The whole of humanity is taken by Jesus into the divine life

Liz Stuart, 24 May 2020

Acts 1: 4–11: Daniel 7: 9–14; Luke 24: 44–53

‘Parting is such sweet sorrow’, Juliet says to Romeo. We associate endings with partings, with goodbyes. Even in happy-ever-after stories we know that the story will ultimately end in a parting, in death. Luke appears to end his gospel with a parting: Jesus withdraws from his disciples and is carried up into heaven. The reaction to this parting is odd; it’s hardly Celia Johnson and Trevor Howard in Brief Encounter! The disciples respond to the departure of their friend, their teacher and their saviour by worshipping him, returning to Jerusalem with great joy and continually blessing God in the Temple. ‘Goodbye Lord, you’re great. We are off to have a party!’

Luke’s second volume, the Acts of the Apostles, explains this odd goodbye. It’s not really a goodbye at all but a consummation of the gospel, of the Incarnation. It’s the beginning of a new reality, the new reality Jesus came to inaugurate. This is why Luke tells the story again at the beginning of the Acts of the Apostles, his second volume – the beginning of the story of the Church. And it’s why the disciples are happy, not sad. Because it’s not a goodbye; it’s a new hello.

Acts tells us that Jesus withdraws from his disciples into a cloud. When he does that, he takes humanity into the shekinah, the presence of God, which took the form of a cloud while the Israelites wandered in the wilderness of the desert. (Interestingly the shekinah, this presence of God in the form of a cloud, is always referred to in female terms in Jewish tradition.) The shekinah also manifests as light, with wings, and as fire. She will appear again at Pentecost.
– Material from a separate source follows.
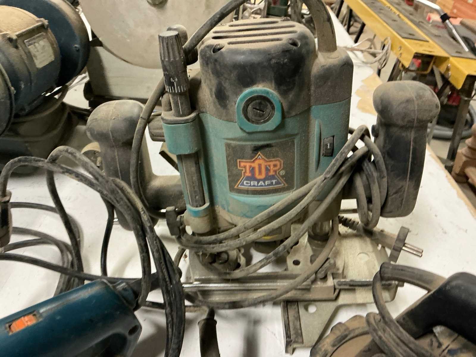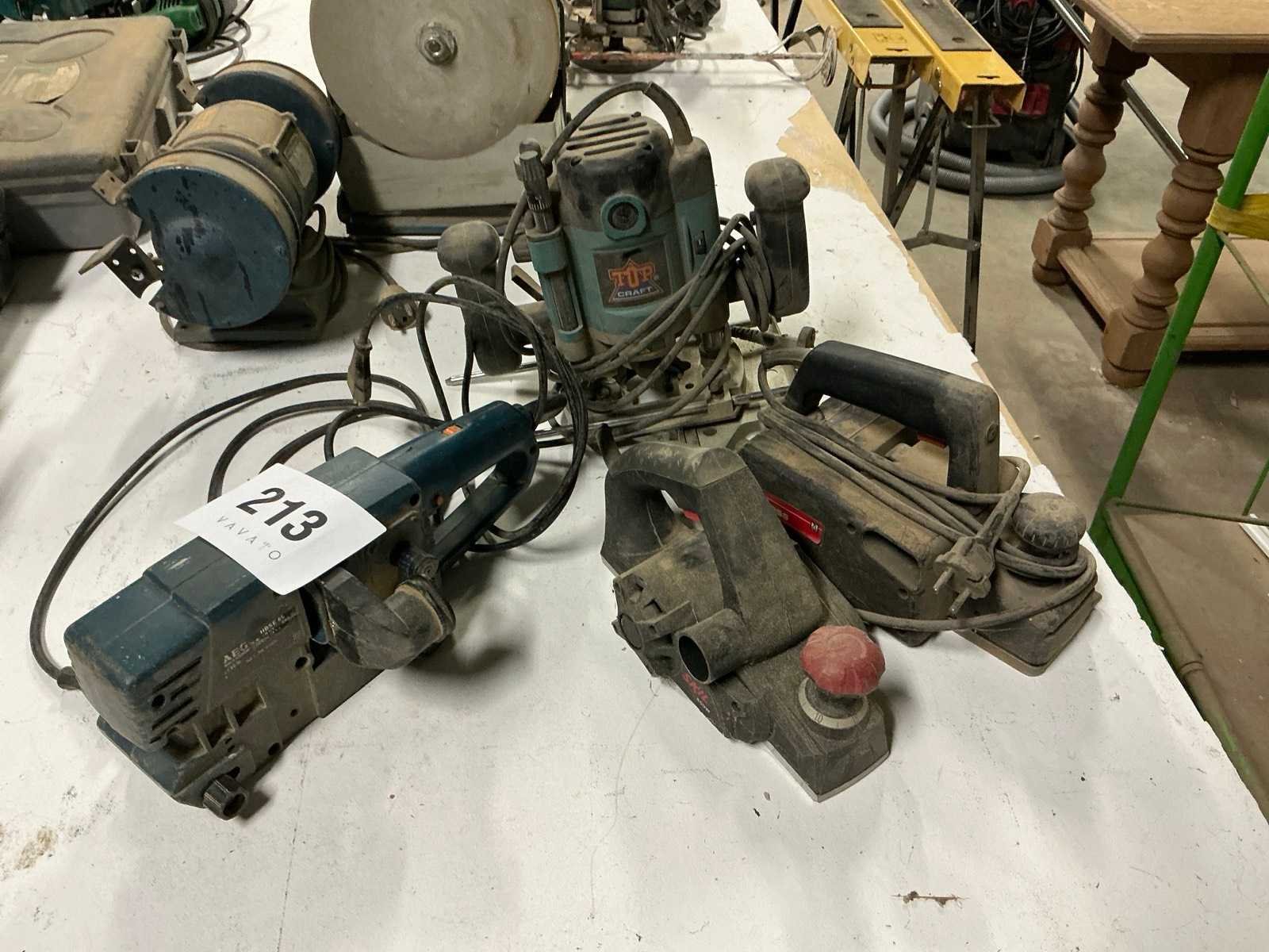 Waaronder 2 diverse handschaven waaronder kress en skill, bovenfrees topcraft tbc-1200, bandschuurmachine aeg hbse65
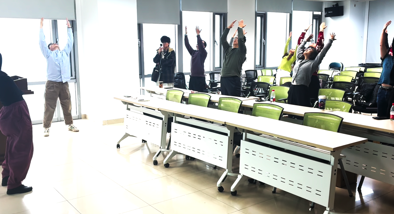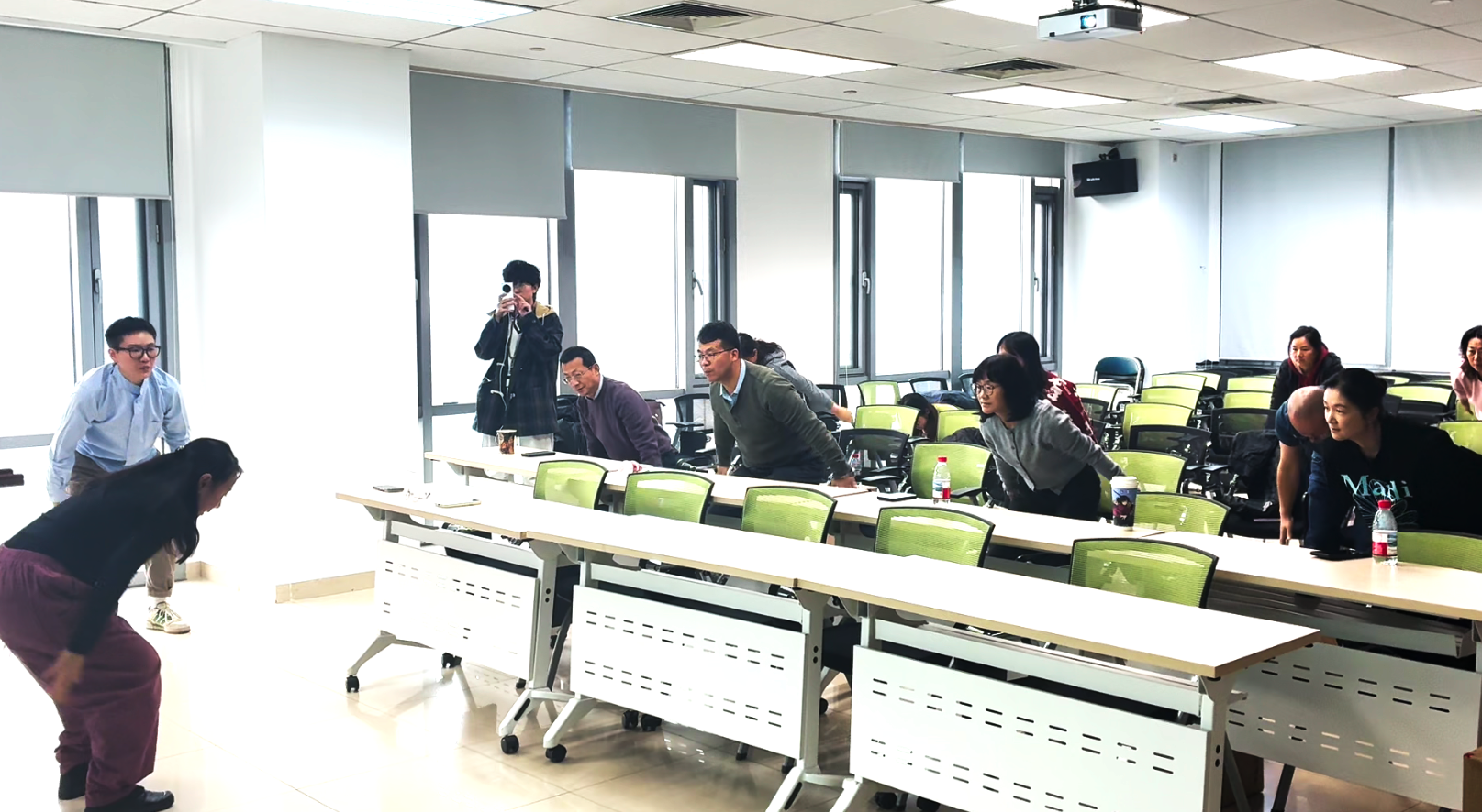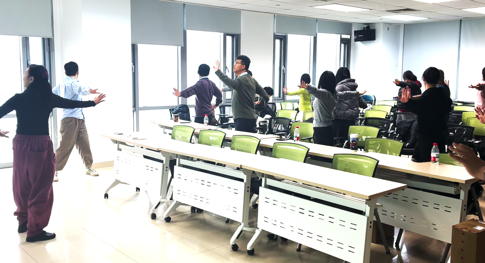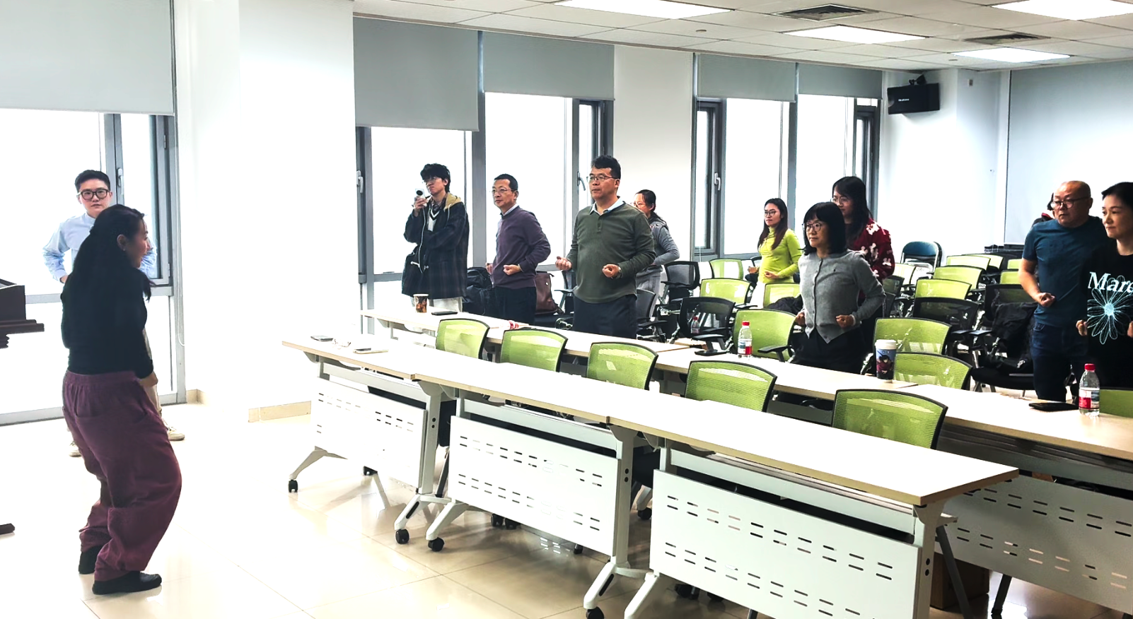 活动特邀国家体育总局运动营养课程特约讲师孙畅和王云鹏两位进行专题分享。孙畅讲师从医学角度出发,系统阐述了科学减重的原理与方法,详细讲解了饮食结构调整、营养素均衡搭配以及常见减重误区等内容,强调了“减重不等于减营养,减脂不等于减肌肉”的科学原则,为老师们提供了专业、安全的科学身材管理指导。随后,王云鹏讲师聚焦于日常健身,重点介绍了健腹轮的使用技巧、训练要点以及核心肌群锻炼的重要性,并在其带领下进入轻松愉悦的实践环节。大家跟随舒缓的音乐共同练习了传统养生功法“八段锦”,在动静结合中感受身心调和的舒畅,让大家亲身体验到了中国传统运动文化在调身、调息、调心方面的独特魅力,为整场活动画上了一个圆满的句号。

This is why the disciples rejoice, because Jesus has taken us into the presence of God, into the life of God. Now, between God and us there is no ‘between’. Through and in Jesus we are in heaven, at one with God, taken deep into the shekinah, the divine life. Nothing, nothing can separate us from God. We are encompassed in his life. We are in him and, more than this, through the gift of the Holy Spirit, he is in us. That gift will be poured out at Pentecost. We tend to think of Jesus’ second coming in highly dramatic terms, such as we’ve heard in our reading from the Book of Daniel. But Luke makes clear that Jesus will return as he went, in the shekinah. And that is the form in which he returns at Pentecost. Bruised, broken, battered, humanity and God are one. No wonder the disciples want to celebrate. It’s not a brief encounter; it’s perpetual relationship.

But we don’t really believe it. We stand looking up as if we are separate from God, as if God is far away from us. How would we be if we really believed it, if we really believed that we are in God and God is in us?

I have been re-reading Henri Nouwen’s Return of the Prodigal Son, and he argues that the only authority God claims for himself is the authority of compassion. To live in the reality that the Ascension inaugurates, then, is to live in, and out of, the relentless, infinite, inexhaustible, all-encompassing compassion of God. It is to stand in blessing to the world, and that blessing is compassion. The shekinah, the presence of God, is compassion, the divine life is compassion, and it is into this life that Jesus take us, and it is this life that is poured out at Pentecost: the fire of compassion will come upon us. So compassion should be the yardstick by which we judge ourselves as Church and as individuals, judge how authentically we are living out of the life of God.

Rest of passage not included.